» **TASK DIRECTIONS**
If a record holds a picture, omit the picture, but copy everything else below exactly.

Segment Start: RECORDS SUPPLIED

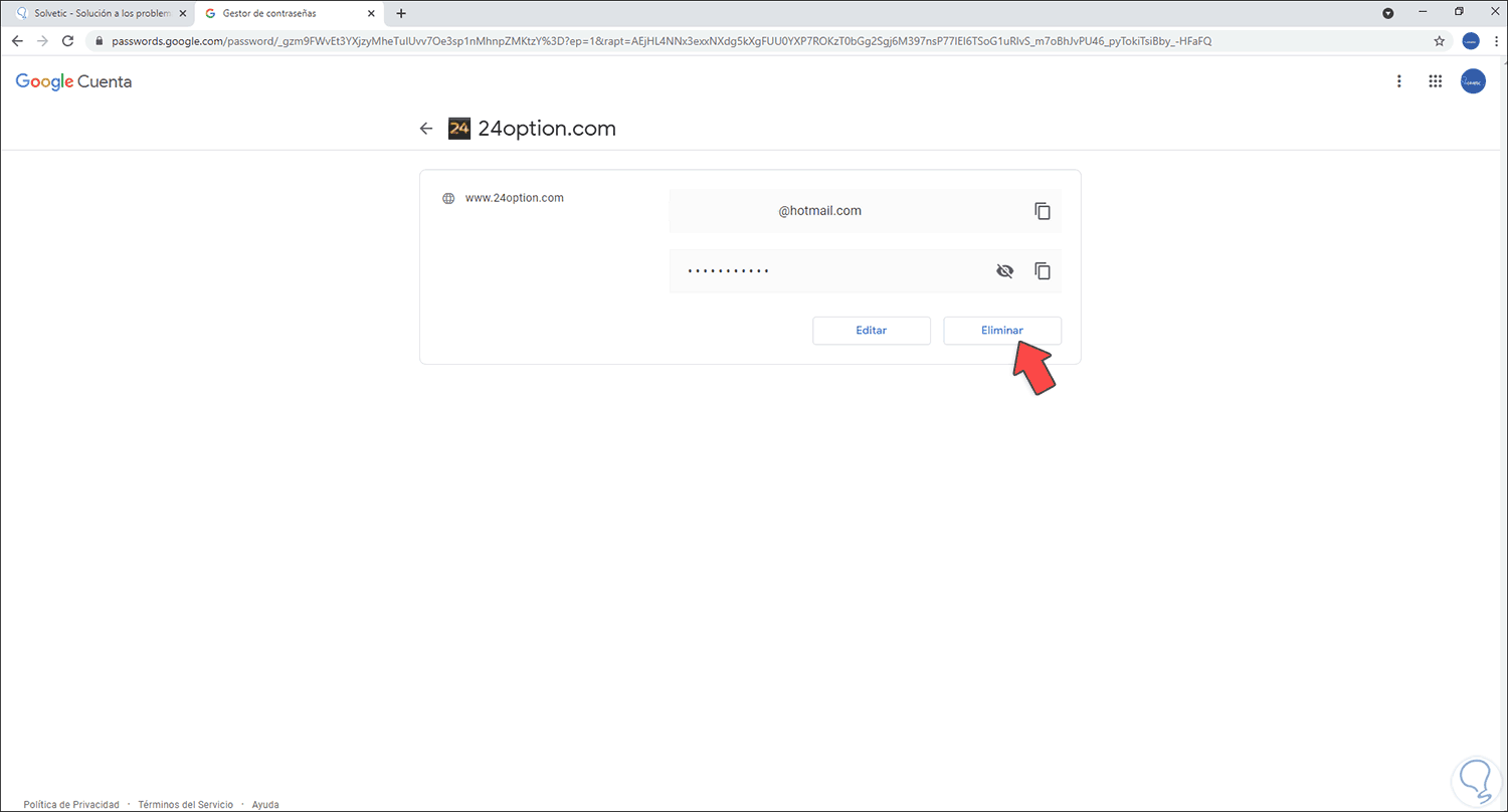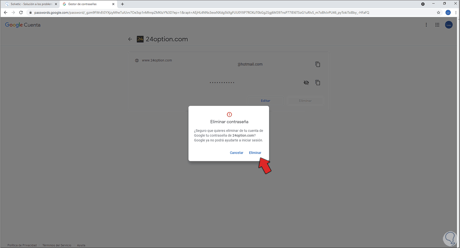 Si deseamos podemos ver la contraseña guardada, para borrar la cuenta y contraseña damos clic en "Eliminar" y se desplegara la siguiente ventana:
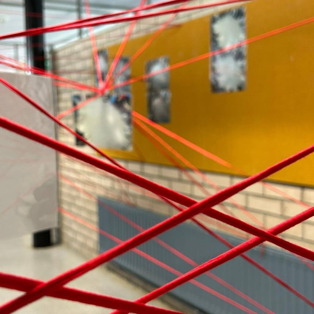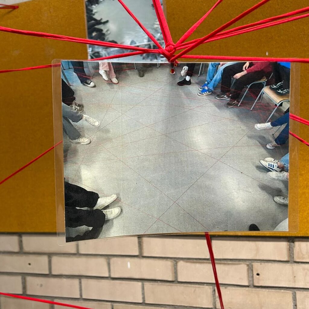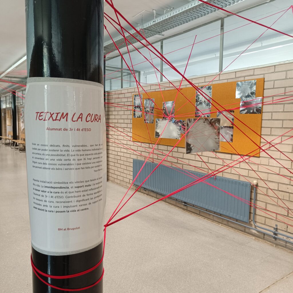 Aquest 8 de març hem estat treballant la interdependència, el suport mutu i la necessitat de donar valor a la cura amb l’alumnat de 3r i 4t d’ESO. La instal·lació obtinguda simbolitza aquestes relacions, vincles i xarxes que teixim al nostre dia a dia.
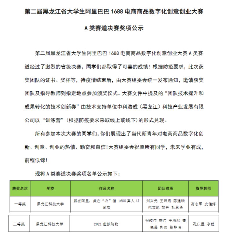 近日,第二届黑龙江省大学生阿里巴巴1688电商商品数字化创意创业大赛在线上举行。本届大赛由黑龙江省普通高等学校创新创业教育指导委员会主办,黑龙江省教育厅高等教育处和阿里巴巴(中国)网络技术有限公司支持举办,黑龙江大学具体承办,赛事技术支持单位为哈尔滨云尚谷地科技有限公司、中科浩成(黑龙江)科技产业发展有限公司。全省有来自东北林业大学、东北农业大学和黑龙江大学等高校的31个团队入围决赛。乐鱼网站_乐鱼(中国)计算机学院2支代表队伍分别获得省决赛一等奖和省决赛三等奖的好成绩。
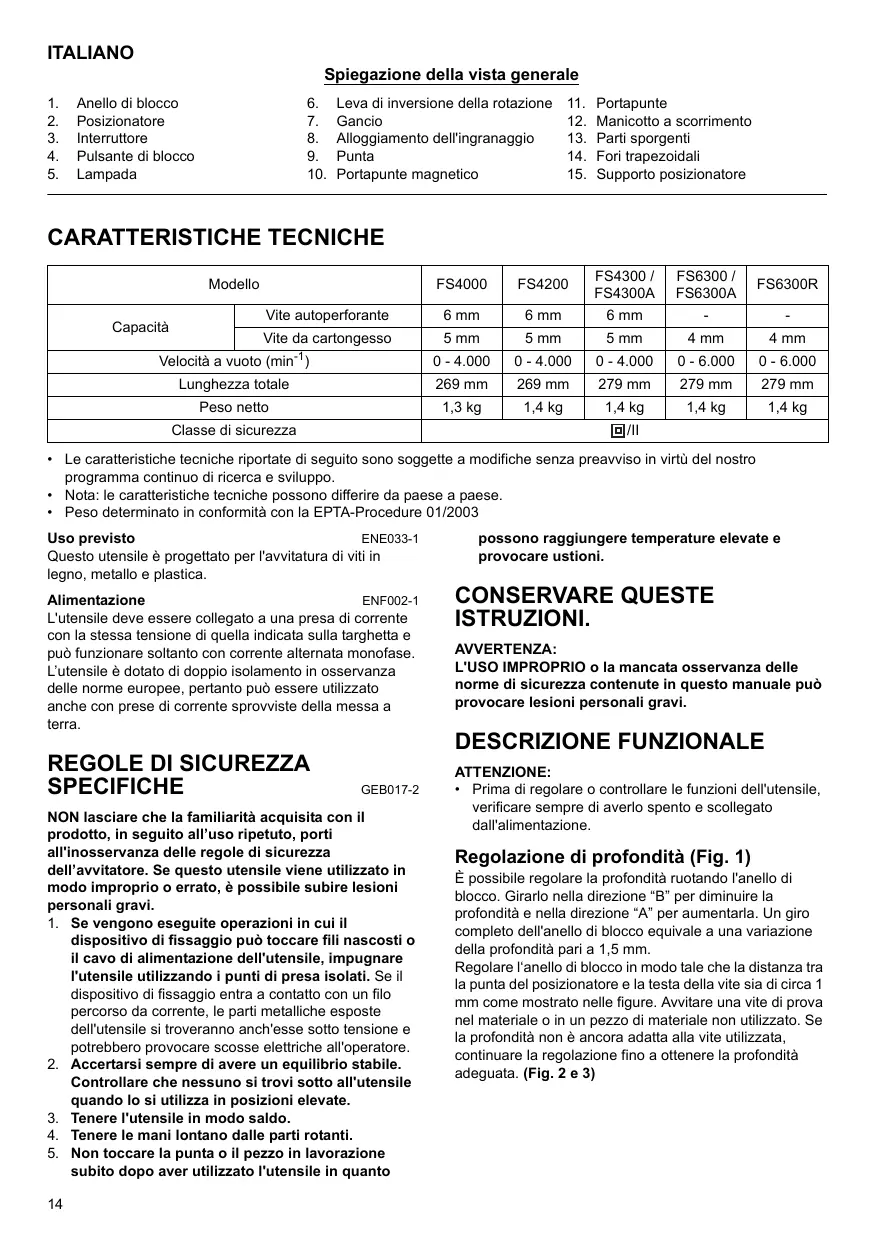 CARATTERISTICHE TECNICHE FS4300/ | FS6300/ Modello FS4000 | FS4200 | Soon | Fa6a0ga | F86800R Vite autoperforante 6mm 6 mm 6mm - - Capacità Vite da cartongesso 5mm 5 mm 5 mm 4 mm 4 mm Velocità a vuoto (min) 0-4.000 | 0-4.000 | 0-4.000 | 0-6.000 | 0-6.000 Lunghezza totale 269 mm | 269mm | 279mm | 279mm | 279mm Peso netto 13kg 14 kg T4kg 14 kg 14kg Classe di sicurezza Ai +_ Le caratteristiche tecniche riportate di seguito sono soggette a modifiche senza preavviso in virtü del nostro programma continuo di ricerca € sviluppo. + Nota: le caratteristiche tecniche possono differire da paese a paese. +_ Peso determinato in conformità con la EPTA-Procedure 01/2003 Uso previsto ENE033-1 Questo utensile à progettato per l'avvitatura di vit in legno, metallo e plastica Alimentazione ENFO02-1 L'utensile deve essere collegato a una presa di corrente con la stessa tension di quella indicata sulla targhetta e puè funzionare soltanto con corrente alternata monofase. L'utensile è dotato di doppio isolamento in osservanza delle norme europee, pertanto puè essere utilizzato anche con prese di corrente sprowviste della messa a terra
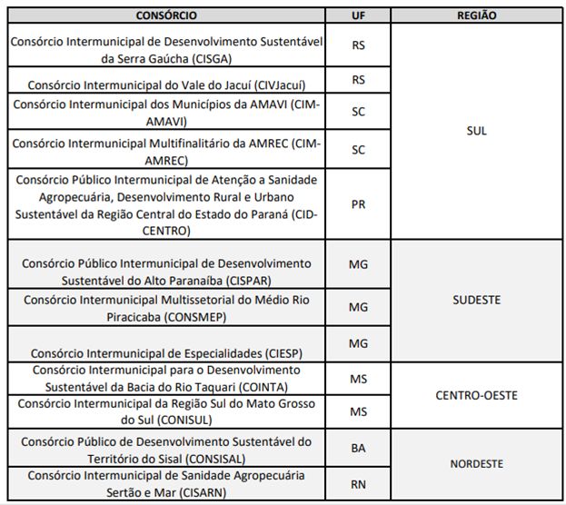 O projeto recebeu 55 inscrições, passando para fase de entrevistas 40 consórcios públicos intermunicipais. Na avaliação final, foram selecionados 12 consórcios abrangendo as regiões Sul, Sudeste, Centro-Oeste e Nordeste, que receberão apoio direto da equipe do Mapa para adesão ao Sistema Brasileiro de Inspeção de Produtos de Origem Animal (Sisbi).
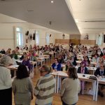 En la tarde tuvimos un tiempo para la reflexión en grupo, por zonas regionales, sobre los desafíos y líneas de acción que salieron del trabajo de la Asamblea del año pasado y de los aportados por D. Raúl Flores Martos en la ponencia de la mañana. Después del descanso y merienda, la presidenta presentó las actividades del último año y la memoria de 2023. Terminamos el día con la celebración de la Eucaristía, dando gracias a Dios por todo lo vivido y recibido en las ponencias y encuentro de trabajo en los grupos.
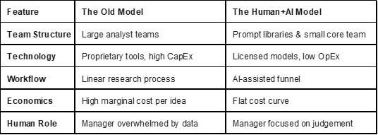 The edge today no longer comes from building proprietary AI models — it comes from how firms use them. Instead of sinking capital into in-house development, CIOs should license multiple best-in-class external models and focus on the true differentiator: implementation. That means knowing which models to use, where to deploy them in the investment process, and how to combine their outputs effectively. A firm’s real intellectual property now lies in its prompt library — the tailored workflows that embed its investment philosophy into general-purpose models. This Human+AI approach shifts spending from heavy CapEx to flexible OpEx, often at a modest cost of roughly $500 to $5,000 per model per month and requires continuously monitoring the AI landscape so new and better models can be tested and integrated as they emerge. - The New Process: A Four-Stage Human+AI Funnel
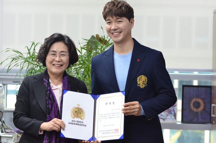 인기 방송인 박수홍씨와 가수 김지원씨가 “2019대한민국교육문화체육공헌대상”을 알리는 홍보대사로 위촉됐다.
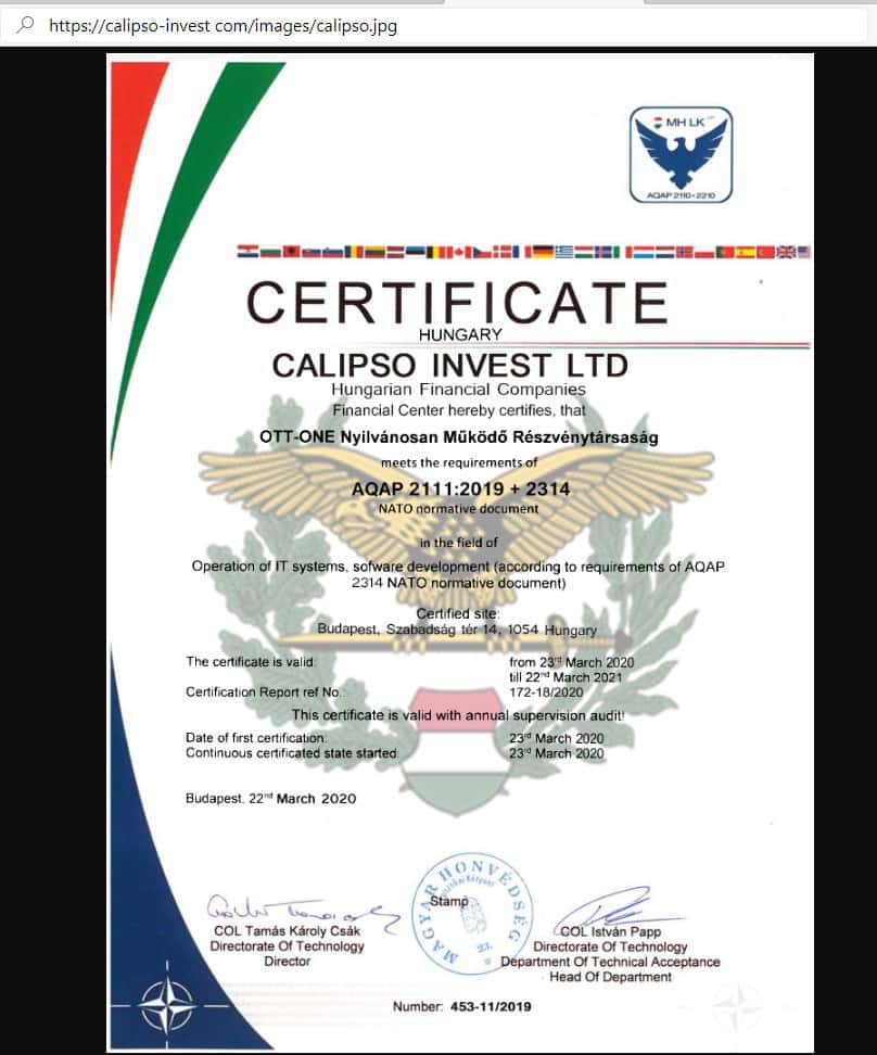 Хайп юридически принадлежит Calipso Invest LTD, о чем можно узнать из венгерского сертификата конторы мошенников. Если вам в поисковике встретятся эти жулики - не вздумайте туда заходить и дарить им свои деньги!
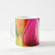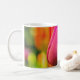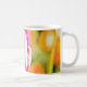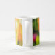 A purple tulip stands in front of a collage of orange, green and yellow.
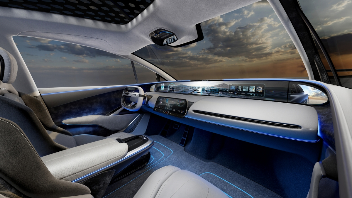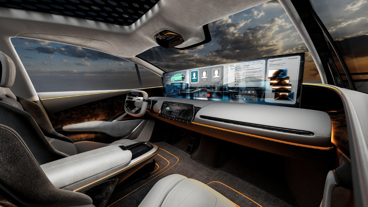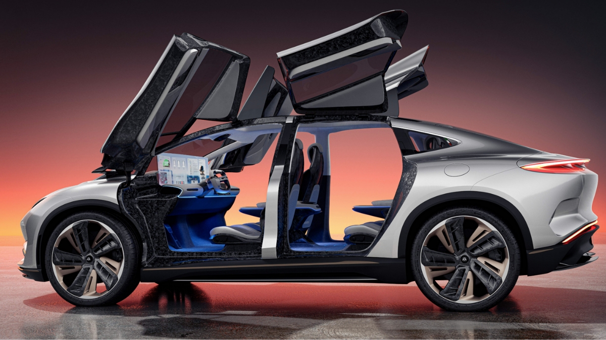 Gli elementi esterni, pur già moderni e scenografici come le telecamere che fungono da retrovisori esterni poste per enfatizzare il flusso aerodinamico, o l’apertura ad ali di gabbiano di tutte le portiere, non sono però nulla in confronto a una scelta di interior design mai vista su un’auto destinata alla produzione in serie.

Segment End: RECORDS SUPPLIED

» **TASK ANSWER**
 Si deseamos podemos ver la contraseña guardada, para borrar la cuenta y contraseña damos clic en "Eliminar" y se desplegara la siguiente ventana:
 Aquest 8 de març hem estat treballant la interdependència, el suport mutu i la necessitat de donar valor a la cura amb l’alumnat de 3r i 4t d’ESO. La instal·lació obtinguda simbolitza aquestes relacions, vincles i xarxes que teixim al nostre dia a dia.
 近日,第二届黑龙江省大学生阿里巴巴1688电商商品数字化创意创业大赛在线上举行。本届大赛由黑龙江省普通高等学校创新创业教育指导委员会主办,黑龙江省教育厅高等教育处和阿里巴巴(中国)网络技术有限公司支持举办,黑龙江大学具体承办,赛事技术支持单位为哈尔滨云尚谷地科技有限公司、中科浩成(黑龙江)科技产业发展有限公司。全省有来自东北林业大学、东北农业大学和黑龙江大学等高校的31个团队入围决赛。乐鱼网站_乐鱼(中国)计算机学院2支代表队伍分别获得省决赛一等奖和省决赛三等奖的好成绩。
 CARATTERISTICHE TECNICHE FS4300/ | FS6300/ Modello FS4000 | FS4200 | Soon | Fa6a0ga | F86800R Vite autoperforante 6mm 6 mm 6mm - - Capacità Vite da cartongesso 5mm 5 mm 5 mm 4 mm 4 mm Velocità a vuoto (min) 0-4.000 | 0-4.000 | 0-4.000 | 0-6.000 | 0-6.000 Lunghezza totale 269 mm | 269mm | 279mm | 279mm | 279mm Peso netto 13kg 14 kg T4kg 14 kg 14kg Classe di sicurezza Ai +_ Le caratteristiche tecniche riportate di seguito sono soggette a modifiche senza preavviso in virtü del nostro programma continuo di ricerca € sviluppo. + Nota: le caratteristiche tecniche possono differire da paese a paese. +_ Peso determinato in conformità con la EPTA-Procedure 01/2003 Uso previsto ENE033-1 Questo utensile à progettato per l'avvitatura di vit in legno, metallo e plastica Alimentazione ENFO02-1 L'utensile deve essere collegato a una presa di corrente con la stessa tension di quella indicata sulla targhetta e puè funzionare soltanto con corrente alternata monofase. L'utensile è dotato di doppio isolamento in osservanza delle norme europee, pertanto puè essere utilizzato anche con prese di corrente sprowviste della messa a terra
 O projeto recebeu 55 inscrições, passando para fase de entrevistas 40 consórcios públicos intermunicipais. Na avaliação final, foram selecionados 12 consórcios abrangendo as regiões Sul, Sudeste, Centro-Oeste e Nordeste, que receberão apoio direto da equipe do Mapa para adesão ao Sistema Brasileiro de Inspeção de Produtos de Origem Animal (Sisbi).
 En la tarde tuvimos un tiempo para la reflexión en grupo, por zonas regionales, sobre los desafíos y líneas de acción que salieron del trabajo de la Asamblea del año pasado y de los aportados por D. Raúl Flores Martos en la ponencia de la mañana. Después del descanso y merienda, la presidenta presentó las actividades del último año y la memoria de 2023. Terminamos el día con la celebración de la Eucaristía, dando gracias a Dios por todo lo vivido y recibido en las ponencias y encuentro de trabajo en los grupos.
 The edge today no longer comes from building proprietary AI models — it comes from how firms use them. Instead of sinking capital into in-house development, CIOs should license multiple best-in-class external models and focus on the true differentiator: implementation. That means knowing which models to use, where to deploy them in the investment process, and how to combine their outputs effectively. A firm’s real intellectual property now lies in its prompt library — the tailored workflows that embed its investment philosophy into general-purpose models. This Human+AI approach shifts spending from heavy CapEx to flexible OpEx, often at a modest cost of roughly $500 to $5,000 per model per month and requires continuously monitoring the AI landscape so new and better models can be tested and integrated as they emerge. - The New Process: A Four-Stage Human+AI Funnel
 인기 방송인 박수홍씨와 가수 김지원씨가 “2019대한민국교육문화체육공헌대상”을 알리는 홍보대사로 위촉됐다.
 Хайп юридически принадлежит Calipso Invest LTD, о чем можно узнать из венгерского сертификата конторы мошенников. Если вам в поисковике встретятся эти жулики - не вздумайте туда заходить и дарить им свои деньги!
 A purple tulip stands in front of a collage of orange, green and yellow.
 Gli elementi esterni, pur già moderni e scenografici come le telecamere che fungono da retrovisori esterni poste per enfatizzare il flusso aerodinamico, o l’apertura ad ali di gabbiano di tutte le portiere, non sono però nulla in confronto a una scelta di interior design mai vista su un’auto destinata alla produzione in serie.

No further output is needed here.